Task description:
All of the entries below need repeating exactly, apart from their images.

Material for this task:
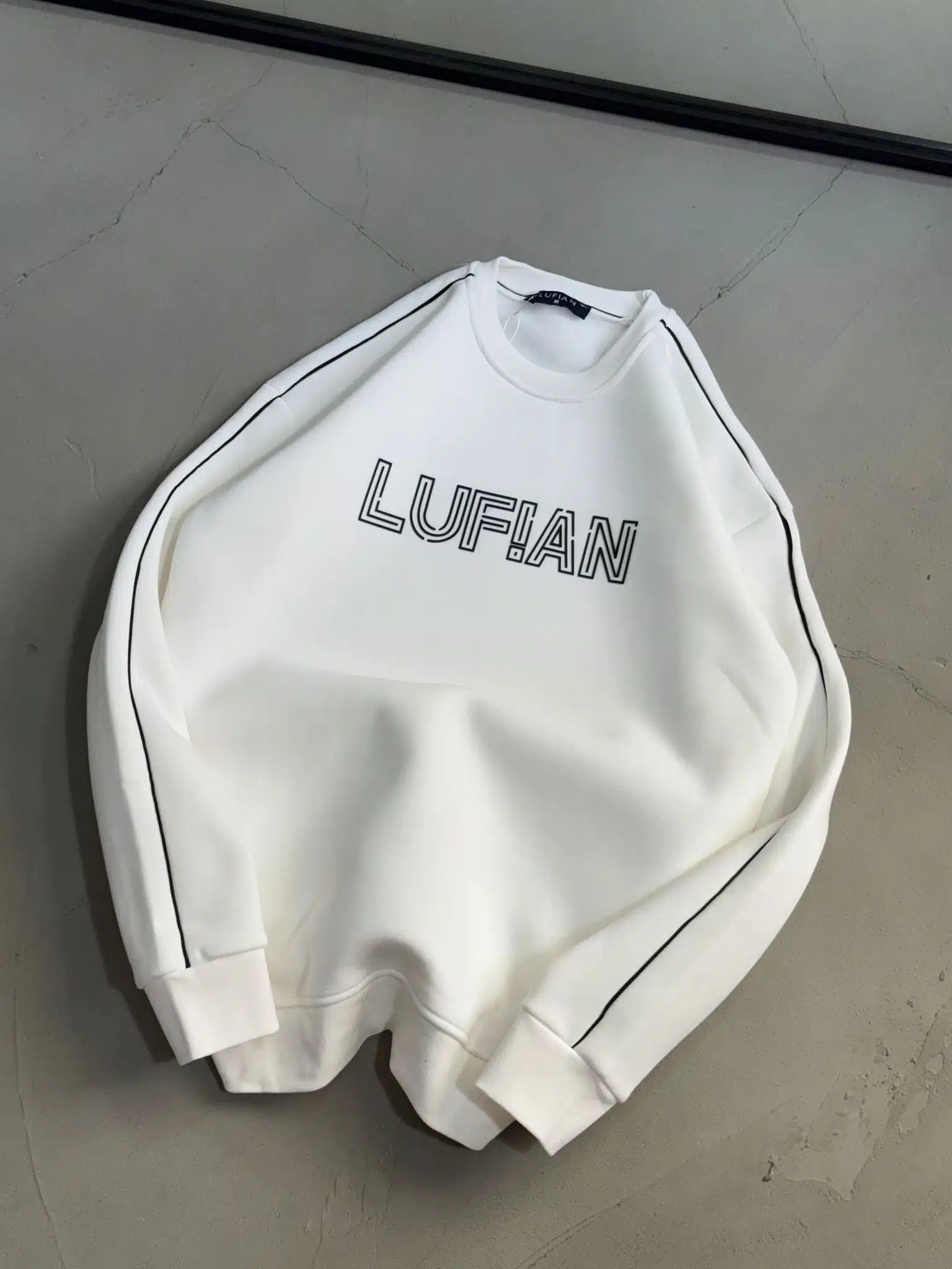 LFN Enjeksiyon Baskı Üç İplik Şeritli Sweatshirt – Beyaz
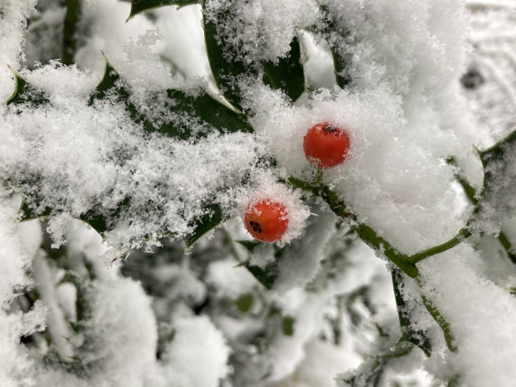 The puppy sat whining at the fence unable to follow me, as I slipped between the fence wires into the wooded corner of our field. Resigning herself, she sat moping, nose through the fence, waiting. I was on a mission. When the snow had fallen last year I’d spied red holly berries peaking out behind the powdery white and I was returning now, after it melted, to retrieve them.
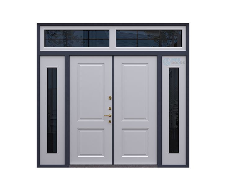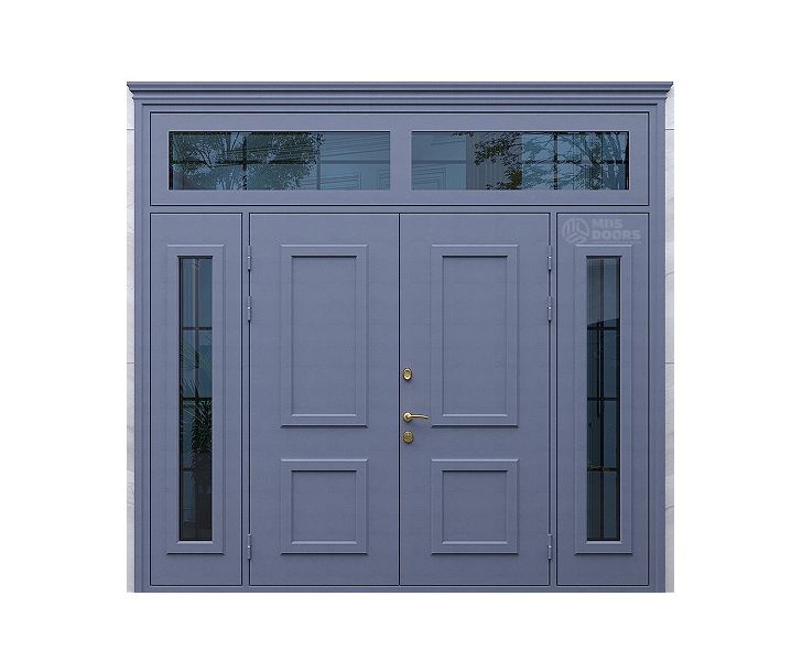 Входная металлическая дверь «Агора» от MDS DOORS с боковыми и верхней фрамугами — это надежное и эстетичное решение для оформления входной группы частного дома или коттеджа. Двупольная конструкция и симметричный дизайн придают двери солидный, статусный внешний вид, подчёркивая архитектуру фасада.
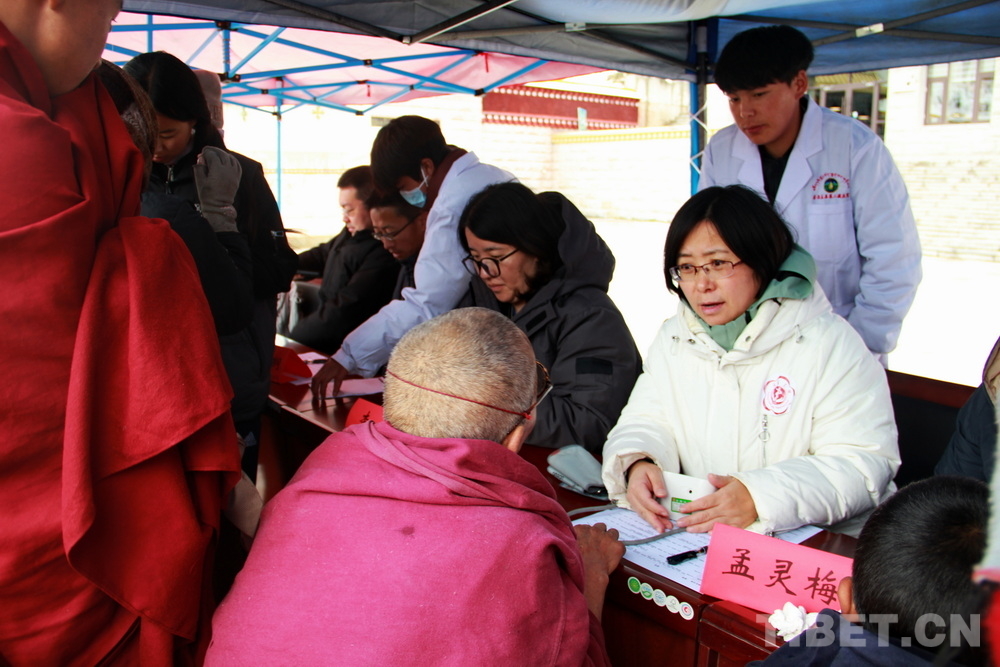 在郎木寺義診點,此前為了容納更多群眾就診,因此將義診點設(shè)在了寺院門外的小廣場。盡管大雪紛飛,但提前得知義診消息的群眾已經(jīng)陸續(xù)趕來,擔(dān)心臨時更換義診場所影響后續(xù)前來的群眾就診,醫(yī)務(wù)志愿者們毫無怨言地在臨時搭起的防雨棚下按時開始了義診。
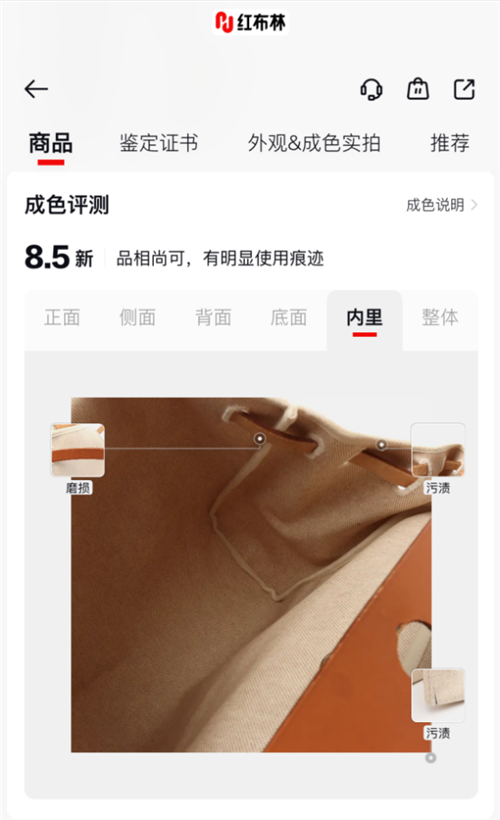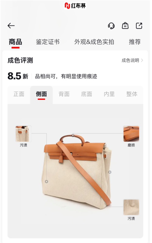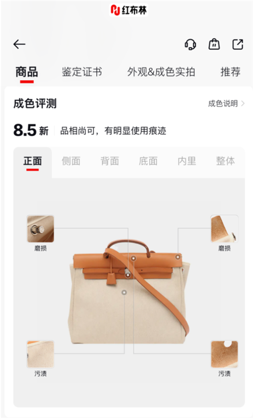 如何讓用戶更清晰、更透明的了解二手奢侈品的成色評測環節?紅布林在行業內首先給出了答案,即把成色評測模塊變成結構化,用戶可以通過結構化的展示,清晰了解到每個瑕疵點的情況,更加直觀地感知到9.9新、9.5新、9.0新、8.5新這些不同商品成色之間的區別,并且能清晰了解瑕疵所在的位置以及具體瑕疵情況。
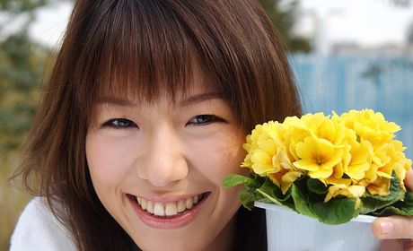 Idols 69: Towa Aino schoolgitl model shows off big boob cleavage in an open shirt
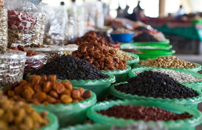 Главной гордостью Ферганы являются фрукты и ягоды. Город можно сравнить с таким своеобразным фруктовым раем. Покупать их стоит только на базаре. Он, кстати не слишком многолюдный и довольно чистый. Посетить его желательно рано утром. В июне во всю уже продавали арбузы, но я поостереглась их покупать, как не уговаривали меня местные продавцы :) Зато с большим удовольствием наедалась клубникой, хоть пик ее созревания уже и проходит, но ягода еще есть. Черешня, малина безумно вкусные. Помидоры и огурцы продаются ведрами и они на самом деле совсем другие, не как у нас. Обязательно стоит попробовать крут. Это такие сырно-творожные шарики, которые не готовят больше нигде. Они на любой вкус: соленые, с перцем, копченые. Плов тоже оказался особенным, потому что готовят его из девзира. Это такой рис темного сорта, который выращивается только в Ферганской долине. Такой плов я больше нигде не ела. Ну и ни в коем случае не советую отказываться от чая. Чай в Фергане, это не та труха и крашеные опилки, которые продаются у нас. Самый вкусный, ароматный и качественный оказался зеленый чай. Только там понимаешь, что наш чай - жалкая имитация.
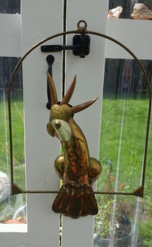 Large Vintage Brass/Copper Wall Art Bird Cockatoo On Perch Mexico
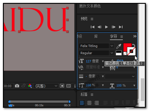 1、上述例子中,文字是没有描边的,假设,现在要给文字添加一个黑色的描边。同样要在文字属性面板这里操作,在描边色块这里,我们看到,现在描边色块中间是有一条红色斜杠;表示此时是没有设置描边颜色。鼠标点下描边色块,使色块在当前位置(在填充色块的上方)
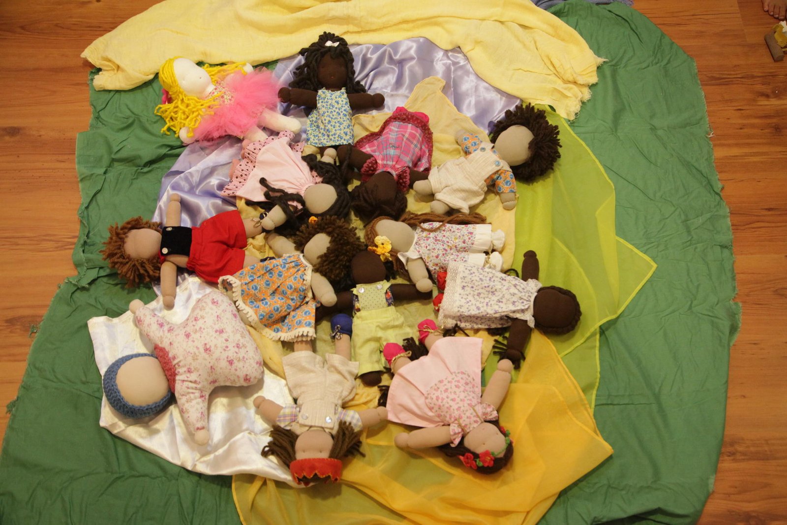 Para atender ao momento de expansão da Escola e nutrir nossas crianças com um brinquedo tão essencial na infância, um grupo de mães e professoras se reuniu em dois dias de oficinas para confecção de bonecas e bonecos. Esther Barki, mãe da Michaelis, ofereceu com generosidade e delicadeza as oficinas, orientando a feitura dos bonecos.
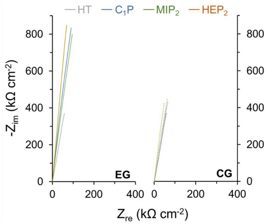 As attested to by the EIS measurements (Figure 7 and Table 2), this protection results from the increased surface layer resistance (Rlayer) from 2.900 MΩ cm−2 in the case of the HT-NiTi oxide layer to values of around 3 MΩ cm−2 and 10 MΩ cm−2 for C1P, MIP2, and HEP2 made by CG and EG, respectively.
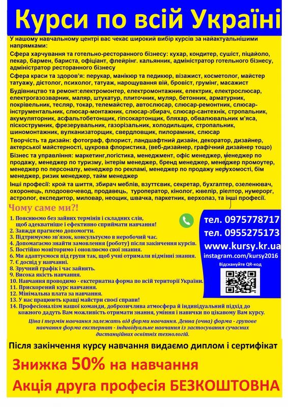 Сфера краси та здоров’я: перукар, манікюр та педикюр, візажист, косметолог, майстер татуажу, дієтолог, психолог, татуаж, нарощування вій, бровіст, грумінг, масажист
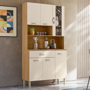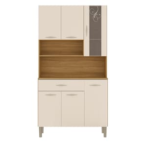 Com seis portas, sendo uma delas com vidro incolor e detalhe serigrafado, este Armário combina praticidade e beleza. Ele também inclui uma gaveta, ideal para a disposição de talheres ou outros itens de sua preferência. O Nicho na parte superior é perfeito para expor objetos decorativos e temperos, trazendo leveza ao Armário de Cozinha Simples e contribuindo para uma decoração charmosa. A textura cristalo na frente das portas e gaveta confere um design moderno que se destaca no ambiente.
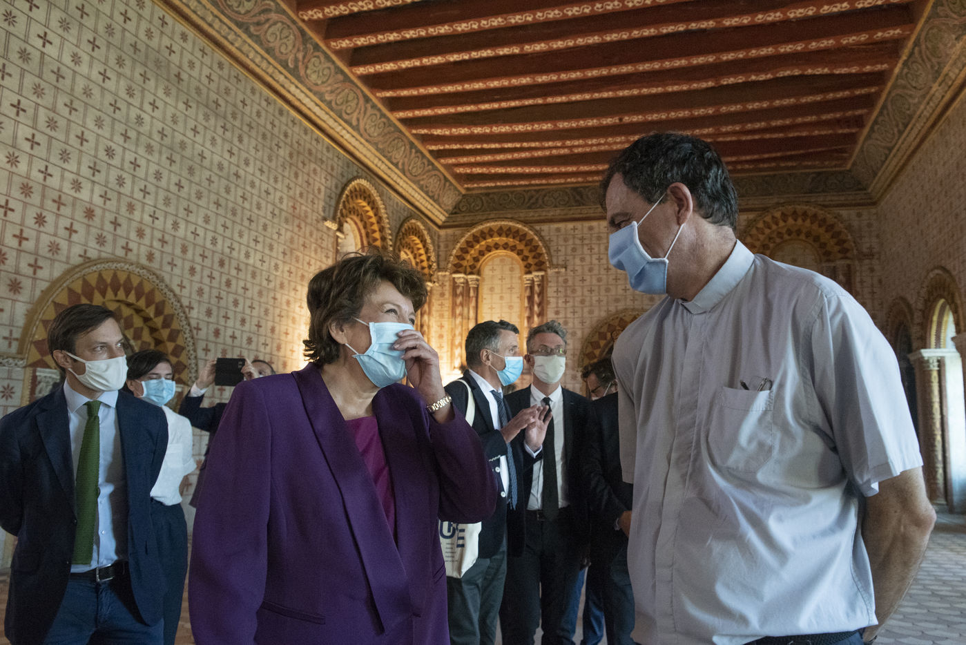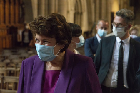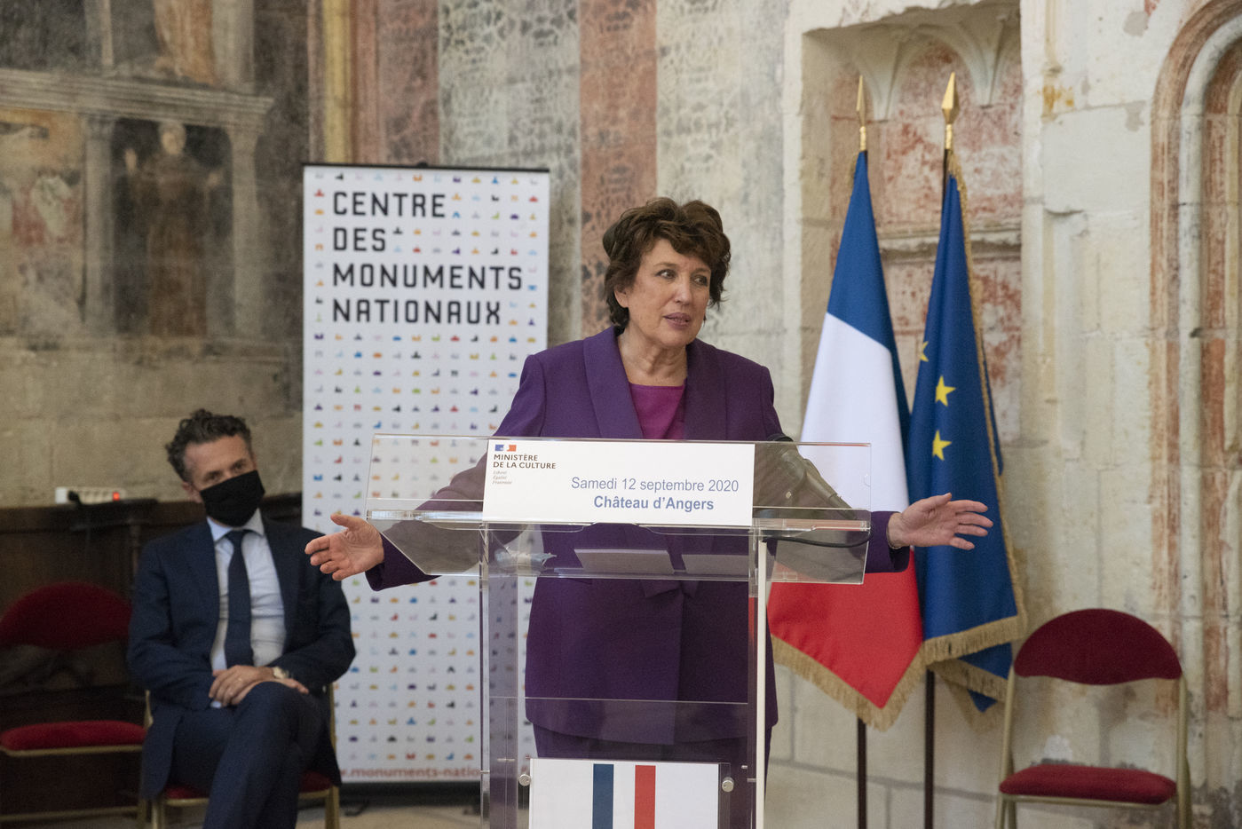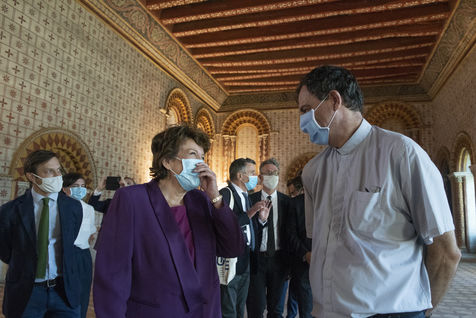 Roselyne Bachelot, Minister of Culture, came to visit Angers Cathedral and Angers Castle accompanied by the mayor, Christophe Bechu.

Answer space:
 LFN Enjeksiyon Baskı Üç İplik Şeritli Sweatshirt – Beyaz
 The puppy sat whining at the fence unable to follow me, as I slipped between the fence wires into the wooded corner of our field. Resigning herself, she sat moping, nose through the fence, waiting. I was on a mission. When the snow had fallen last year I’d spied red holly berries peaking out behind the powdery white and I was returning now, after it melted, to retrieve them.
 Входная металлическая дверь «Агора» от MDS DOORS с боковыми и верхней фрамугами — это надежное и эстетичное решение для оформления входной группы частного дома или коттеджа. Двупольная конструкция и симметричный дизайн придают двери солидный, статусный внешний вид, подчёркивая архитектуру фасада.
 在郎木寺義診點,此前為了容納更多群眾就診,因此將義診點設(shè)在了寺院門外的小廣場。盡管大雪紛飛,但提前得知義診消息的群眾已經(jīng)陸續(xù)趕來,擔(dān)心臨時更換義診場所影響后續(xù)前來的群眾就診,醫(yī)務(wù)志愿者們毫無怨言地在臨時搭起的防雨棚下按時開始了義診。
 如何讓用戶更清晰、更透明的了解二手奢侈品的成色評測環節?紅布林在行業內首先給出了答案,即把成色評測模塊變成結構化,用戶可以通過結構化的展示,清晰了解到每個瑕疵點的情況,更加直觀地感知到9.9新、9.5新、9.0新、8.5新這些不同商品成色之間的區別,并且能清晰了解瑕疵所在的位置以及具體瑕疵情況。
 Idols 69: Towa Aino schoolgitl model shows off big boob cleavage in an open shirt
 Главной гордостью Ферганы являются фрукты и ягоды. Город можно сравнить с таким своеобразным фруктовым раем. Покупать их стоит только на базаре. Он, кстати не слишком многолюдный и довольно чистый. Посетить его желательно рано утром. В июне во всю уже продавали арбузы, но я поостереглась их покупать, как не уговаривали меня местные продавцы :) Зато с большим удовольствием наедалась клубникой, хоть пик ее созревания уже и проходит, но ягода еще есть. Черешня, малина безумно вкусные. Помидоры и огурцы продаются ведрами и они на самом деле совсем другие, не как у нас. Обязательно стоит попробовать крут. Это такие сырно-творожные шарики, которые не готовят больше нигде. Они на любой вкус: соленые, с перцем, копченые. Плов тоже оказался особенным, потому что готовят его из девзира. Это такой рис темного сорта, который выращивается только в Ферганской долине. Такой плов я больше нигде не ела. Ну и ни в коем случае не советую отказываться от чая. Чай в Фергане, это не та труха и крашеные опилки, которые продаются у нас. Самый вкусный, ароматный и качественный оказался зеленый чай. Только там понимаешь, что наш чай - жалкая имитация.
 Large Vintage Brass/Copper Wall Art Bird Cockatoo On Perch Mexico
 1、上述例子中,文字是没有描边的,假设,现在要给文字添加一个黑色的描边。同样要在文字属性面板这里操作,在描边色块这里,我们看到,现在描边色块中间是有一条红色斜杠;表示此时是没有设置描边颜色。鼠标点下描边色块,使色块在当前位置(在填充色块的上方)
 Para atender ao momento de expansão da Escola e nutrir nossas crianças com um brinquedo tão essencial na infância, um grupo de mães e professoras se reuniu em dois dias de oficinas para confecção de bonecas e bonecos. Esther Barki, mãe da Michaelis, ofereceu com generosidade e delicadeza as oficinas, orientando a feitura dos bonecos.
 As attested to by the EIS measurements (Figure 7 and Table 2), this protection results from the increased surface layer resistance (Rlayer) from 2.900 MΩ cm−2 in the case of the HT-NiTi oxide layer to values of around 3 MΩ cm−2 and 10 MΩ cm−2 for C1P, MIP2, and HEP2 made by CG and EG, respectively.
 Сфера краси та здоров’я: перукар, манікюр та педикюр, візажист, косметолог, майстер татуажу, дієтолог, психолог, татуаж, нарощування вій, бровіст, грумінг, масажист
 Com seis portas, sendo uma delas com vidro incolor e detalhe serigrafado, este Armário combina praticidade e beleza. Ele também inclui uma gaveta, ideal para a disposição de talheres ou outros itens de sua preferência. O Nicho na parte superior é perfeito para expor objetos decorativos e temperos, trazendo leveza ao Armário de Cozinha Simples e contribuindo para uma decoração charmosa. A textura cristalo na frente das portas e gaveta confere um design moderno que se destaca no ambiente.
 Roselyne Bachelot, Minister of Culture, came to visit Angers Cathedral and Angers Castle accompanied by the mayor, Christophe Bechu.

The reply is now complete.